Notably, more than 20 percent of NFIP policy claims are filed by homeowners who aren't in high-risk areas.

Unfortunately for homeowners and renters in the Florida Panhandle, purchasing a policy today won't help with damage from Hurricane Michael, because the policies take effect 30 days after purchase.

Take action. Buy NFIP or private coverage through your insurance agent. If you live in a low- or moderate-risk area, the protection may cost only a few hundred dollars a year.

Rent Your Home? You Need a Policy

If you rent your home, you should know that your landlord’s policy insures only the rental unit itself, not your belongings in it.  

“Renters often underestimate the value of their possessions,” says Glenn Greenberg of Liberty Mutual. “From technology to furniture to clothing, your possessions could easily add up to $25,000 and more.” 

Take action. Buy renters coverage, which usually costs $12 to $20 per month, depending on the value of your possessions. It also covers you for liability.

As with homeowners insurance, renters insurance usually doesn’t cover flooding or earthquakes. Flood coverage, available through the NFIP, is an especially good idea if you live in a first-floor or basement apartment.

Your Credit History Matters

Insurers in 47 states can use what’s called a credit-based insurance score to determine, in part, homeowners insurance premiums. (The practice isn't allowed in California, Maryland, or Massachusetts.)

The insurance industry maintains that credit scoring is supposed to be good for homeowners. But a 2017 study for the website found a substantial increase in premiums for people with lower credit scores.  

Take action. Demand to see the credit-based insurance score your insurer generated. (It’s different from the FICO credit score used for lending decisions.) Improve your insurance score by paying bills on time and periodically checking your credit report to fix any errors.

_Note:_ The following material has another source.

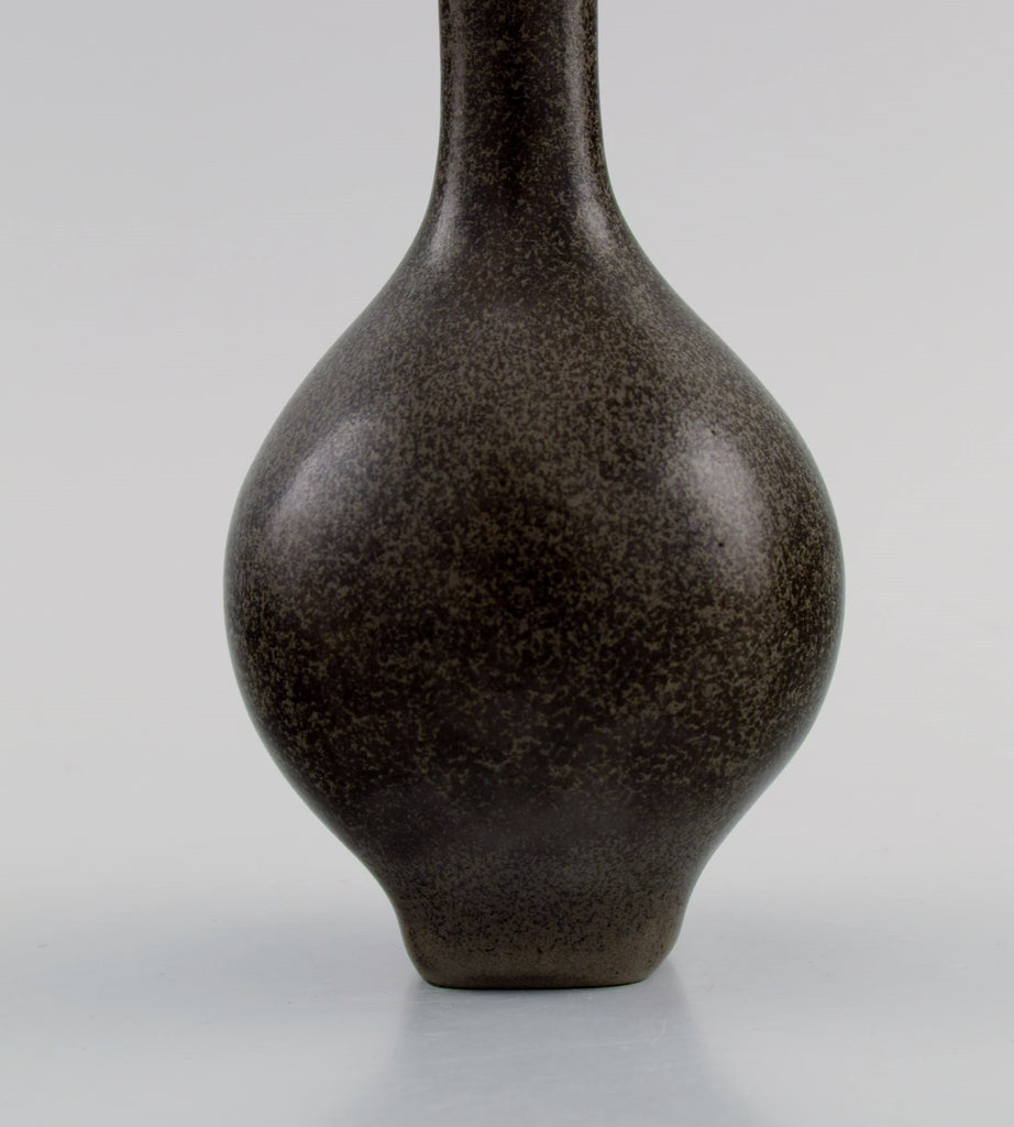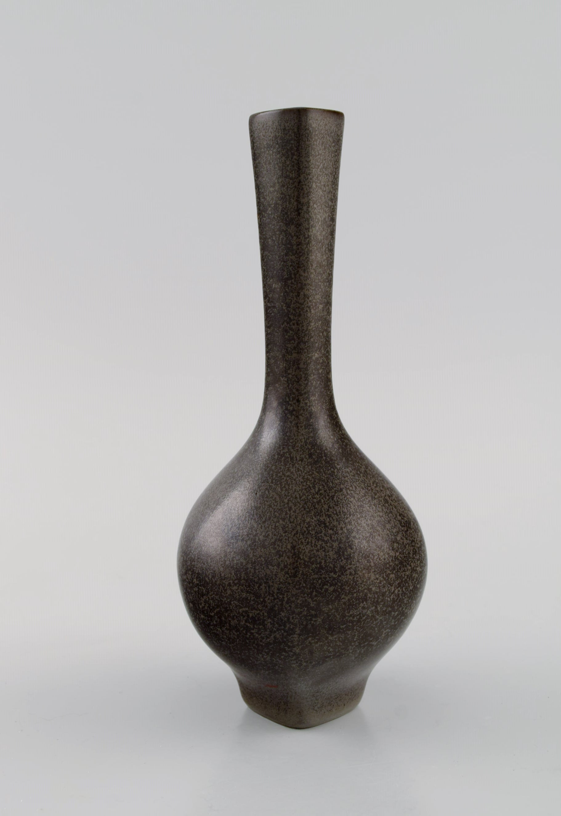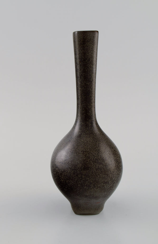Berndt Friberg (1899-1981) for Gustavsberg Studiohand. Vase in glazed ceramics. Beautiful glaze in shades of gray-black. 1960s.

Every 12 months, ask your insurer to recalculate your score so you can benefit from improvements.

Request an “extraordinary life circumstances exception” if your credit history was affected by financial problems outside your control, such as serious medical problems or the death of a spouse. Many states require insurers to take these events into account. 

Beware the Hail Loophole

The standard homeowners policy covers hail. But cosmetic damage, such as dented but not structurally torn aluminum siding or awnings might be excluded. Even if your roof needs to be replaced, your payout might be limited after deductibles and the age of the roof are factored in.

Take action. If you can, avoid insurers that require special percentage deductibles for hail damage. For a house insured for $400,000, 1 percent equals a $4,000 deductible that you're responsible for. Instead, insist on a set dollar deductible for hail damage.

If you live in the Midwest, Mountain West, and Central South, where damaging hail is most common, ask for a policy endorsement that covers cosmetic damage. It will pay for the replacement of a dinged roof or siding and for the full siding of your house again even if just one or two sides are damaged.